I thought about that for a moment before I exclaimed, “She can take Putt-Putt! I need to get that bike to Seattle anyway.”
“I’m not sure if Rebecca knows how to ride a bike,” he said.
“She told me she used to have a Vespa in England. Same thing.”
He laughed. “Yeah, I’m sure tooling up I-5 on Putt-Putt is the same as popping over to some English pub on a Vespa.”
“She’ll do it,” I told him. “She’s always wanted to ride it, she told me that herself.”
He pursed his lips as he watched me closely for a few beats. “Okay. We’ll stay. Because if it’s important to you, it’s important to me.”
“I knew there was a reason I said yes to you,” I told him, kissing him quickly on the cheek.
He grinned, running his hands through my hair and leaning in closer. “Do you want me to show you all those other reasons?”
I closed my eyes into his kiss and buried the thought of what I was going to do in the back of my head. I would watch my mother for a few days and see what happened. If it seemed like a big mistake, I’d put the pills back. But if it seemed like she was like me, was like Pippa, was like Dex and Ada, then I was going to get to the bottom of it. I was going to let everyone know and I was going to confront her.
She didn’t have to be alone in this. Not like I had to be.
I took the book off of Dex’s chest and tossed it to the floor. He brought his head down between my legs and I let all the other reasons wash over me.
***
The next morning Rebecca agreed to take my bike back up to Seattle. Actually, she seemed kind of excited about it, although it led to her fretting over what to wear since she didn’t really pack for that kind of excursion. Luckily, Ada came to the rescue and let her borrow her McQueen leather jacket and designer jeans for the ride. Turns out both of them could wear each other’s clothes with ease. I pretended I didn’t hate them for that.
After we said goodbye to Rebecca, who also assured us she would love to take care of Fat Rabbit, Dex and I went back to work on the footage for the show while Ada popped in and out, enjoying her weekend. My parents kept themselves scarce and decided to head into the city to do some shopping. I think I even heard the phrase, “I’ll keep an eye on the bridal boutiques” come out of my mother’s mouth, which both thrilled and horrified me. Thrilled me because it meant she was accepting I was getting married—not to mention it reminded me that, holy crap, I had a wedding to plan—and horrified me because clothes shopping with my mom was always a nightmare. I could only imagine how wedding dress shopping was going to go, let alone anything else that had to do with the wedding.

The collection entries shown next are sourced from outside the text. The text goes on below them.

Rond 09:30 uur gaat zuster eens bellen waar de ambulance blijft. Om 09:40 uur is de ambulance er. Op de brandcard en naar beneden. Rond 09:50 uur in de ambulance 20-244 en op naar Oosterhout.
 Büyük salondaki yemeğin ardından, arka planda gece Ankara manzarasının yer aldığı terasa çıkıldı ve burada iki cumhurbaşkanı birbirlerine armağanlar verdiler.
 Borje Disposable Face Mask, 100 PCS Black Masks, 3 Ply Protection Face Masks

But we would cross that bridge when we came to it. For now, I was just going to enjoy being engaged, and when it came time to pick a date and plan a wedding, well then I’d jump right in with both feet.

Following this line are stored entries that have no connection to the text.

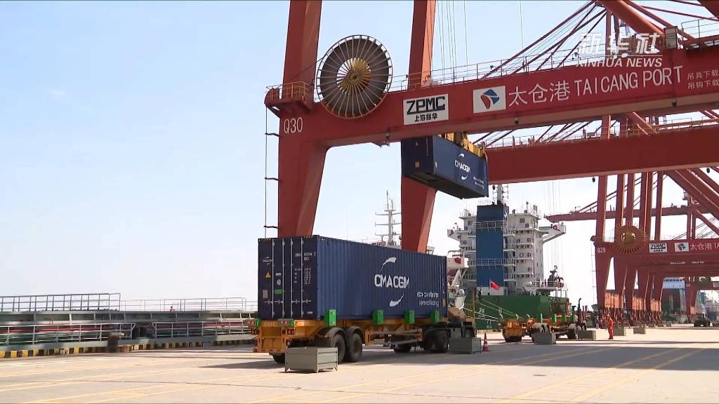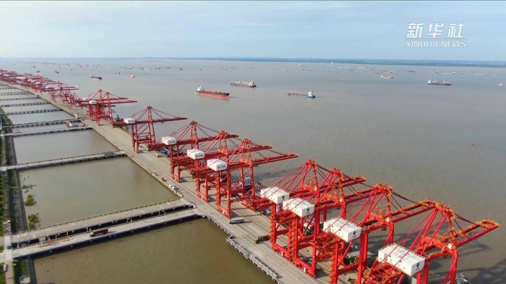 江苏苏州太仓港位于长江入海口南岸。太仓港四期码头岸边,巨型岸桥依次排开,为江上停靠的货运船只提供装卸服务。
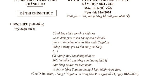 Sau đây là gợi ý giải đề thi môn ngữ văn kỳ thi tuyển sinh vào lớp 10 năm 2024-2025 của tỉnh Khánh Hòa do nhóm giáo viên Trường THCS Âu Cơ, TP.Nha Trang thực hiện.
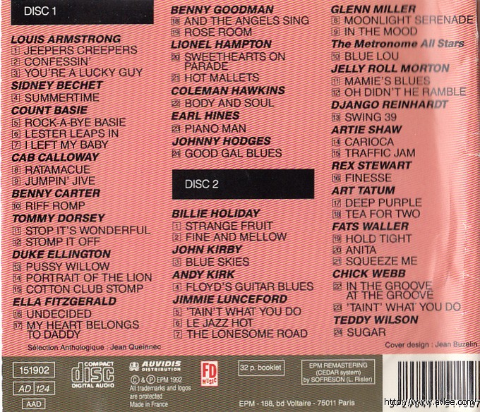 JAZZCD名称:Jazz Anthology: 1939 艺术家名称:Various Artists 发行公司:EPM 发行编号:151902发行日期:1992年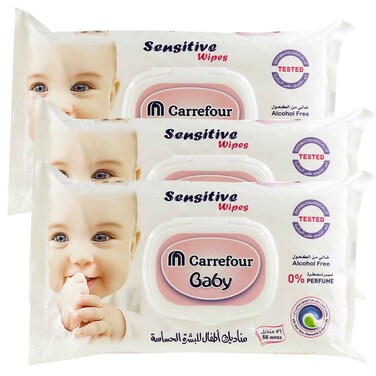 كارفور مناديل للأطفال خالية من الكحول معطرة 56 × 3

We’d been inside my bedroom for hours, just editing and adding music and talking about how we were going to tell Jimmy that it was all over, when I’d had enough.
I got up off the bed, stretching as I went. “I’m going for a walk, you want to come with?” I asked Dex.
He shook his head. “You go ahead, kiddo. I’m so close to being done here.”
“All right, be right back.”
I was halfway out the door when he said, “I love you, baby.”
“Love you too,” I told him. I skipped down the stairs and called out for Ada. She came out of the TV room looking sweaty. “What are you doing?”
“Exercising,” she said, wiping her sweat off her face. “Remember, I told you about it and stuff?”